Many Jews are hustlers and their businesses would never close. When there’s an opportunity to make money, a lot of people don’t know when to stop. Don’t you see some stores have a sign, “Open Seven Days a Week”? And it’s a dangerous thing because people are overworked; they’re tired and broken down.
Grounded By The Grind
Many people have even left this world early because of that and were never able to enjoy the fruits of their labors. And the others, even if they lived, when they finally retire they are broken people; they have bad hearts or diabetes. The grind of the workweek has ground them down and when they finally retire, they’re old and sick; they’re not able to enjoy their retirement.
Along comes the blessing of Shabbos, one day every week, and the Jew retires in the prime of his life. He doesn’t retire to the old age home or to doctors’ appointments in Manhattan. He retires to his home, to his family, to good meals and happy times. That’s what the Kuzari points out; he says that the Jew retires every week for one day while he’s still young. And that means that Shabbos is a blessing for your health. The Yom Menuchah becomes actually a day of recovery and convalescence from the labor of the week.

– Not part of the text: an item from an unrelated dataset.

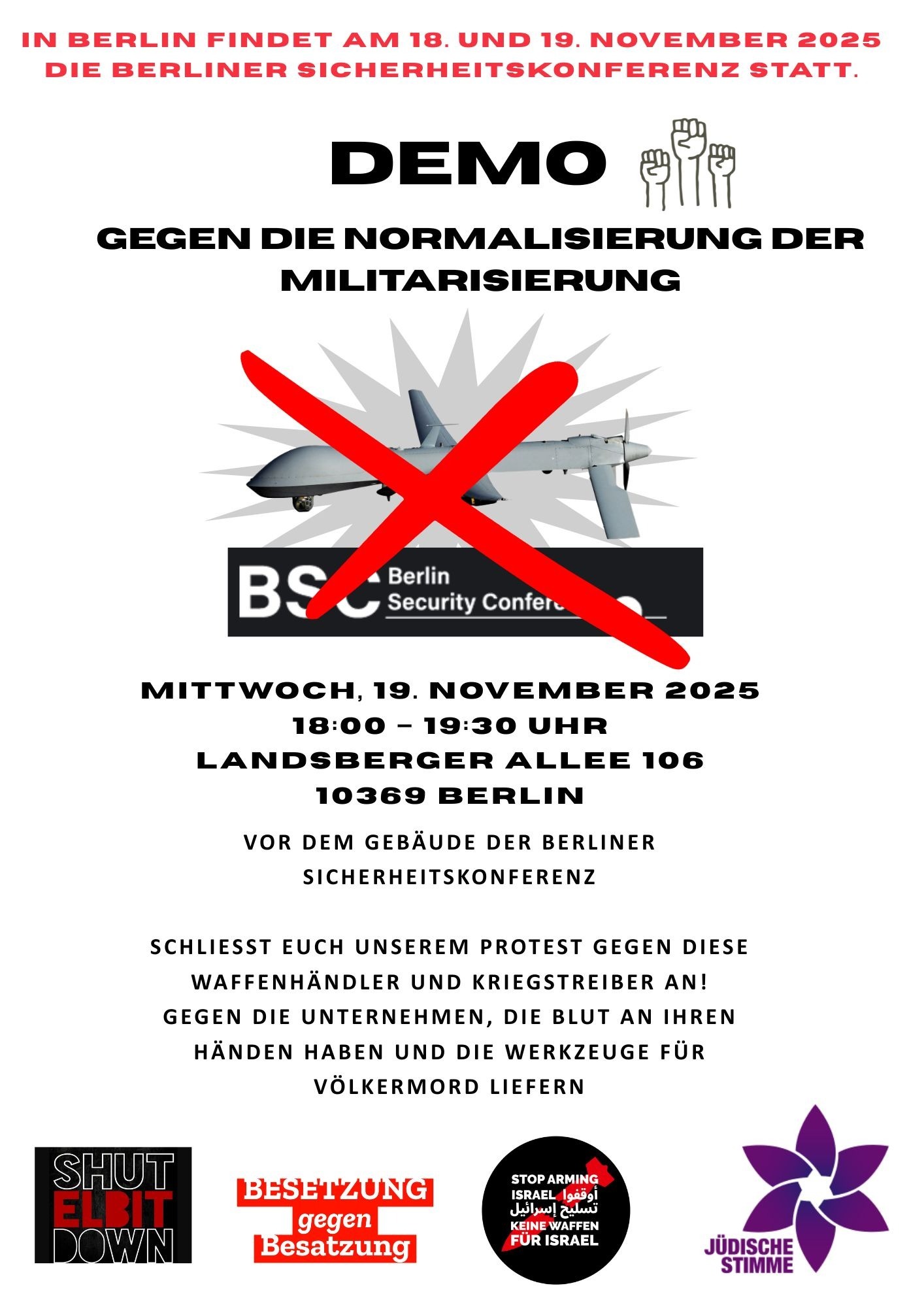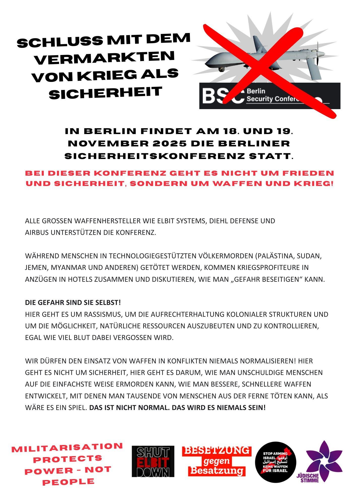 Als Bündnis haben wir bereits in unserem Aufruf zur antifaschistischen Demo am 22. November in Lichtenberg die Berlin Security Conference (BSC) und die Behördenspiegel-Gruppe als dessen Veranstalter*in thematisiert. Wir begrüßen die Aktion antimilitaristischer und palästinasolidarischer Gruppen gegen die Kriegskonferenz in unseren Kiezen. Wir rufen darum zur Beteiligung an der Kundgebung gegen die BSC.

There’s no question that Shabbos saves a lot of people from premature deaths. I’m not talking now about the fact that we can’t travel on the highways. Just the fact that we’re forbidden from getting into our cars is a gift, because Shabbos is the day when there’s the biggest number of traffic casualties. Do you know how many gentiles would remain alive if it wasn’t for Saturday? Every Saturday, while we’re sitting at the Shabbos table eating our challah and fish, they’re smashing up on the highways. That’s an important point; the fact that you cannot drive on Shabbos is life insurance. It’s a very important point.
Sweet Blessed Sleep
But I’m not speaking about that. Just the fact that a person rests and sleeps, he’s rehabilitated. Not to work – now most people who don’t work won’t appreciate the subject that much, but working people they’re waiting for Shabbos. Uh! You can hardly bear until Shabbos comes. Ah! Shabbos! Shabbos is a ta’anug, not to work.
It doesn’t mean that you should climb into your pajamas and remain there all Shabbos – there are too many other Shabbos blessings that you’ll lose out on if you sleep all day long. But there’s no question that sleep is extremely important for our health, and therefore, included in the schar Shabbos is that because of Shabbos, many people are able to survive the week – otherwise, they would collapse from lack of sleep.
But it’s not only a day of rest, that we rest physically. Shabbos is also a day of menuchas hanefesh, when our spirit rests. You know what a prophylactic, what a healing that is, one day when your mind is relieved? The fact is that many Jews would have completely worn themselves out with worries and anxieties; but every week Shabbos comes, and they banish all these thoughts from their head. We can’t even talk about anything! If a Jew expresses a worry on Shabbos, everybody else says, “Shah! It’s Shabbos today. Don’t talk about it!” That’s how it’s supposed to be. That’s how Jews are expected to live – you don’t talk about anything sad on Shabbos.
Optimistic Life
And so for one day, we have respite, a rest from all worries. And there’s no question, the psychological benefit is inestimable. You know what that means in terms of health? In terms of longevity? It’s blessings upon blessings upon blessings. It’s health and life and menuchas hanefesh.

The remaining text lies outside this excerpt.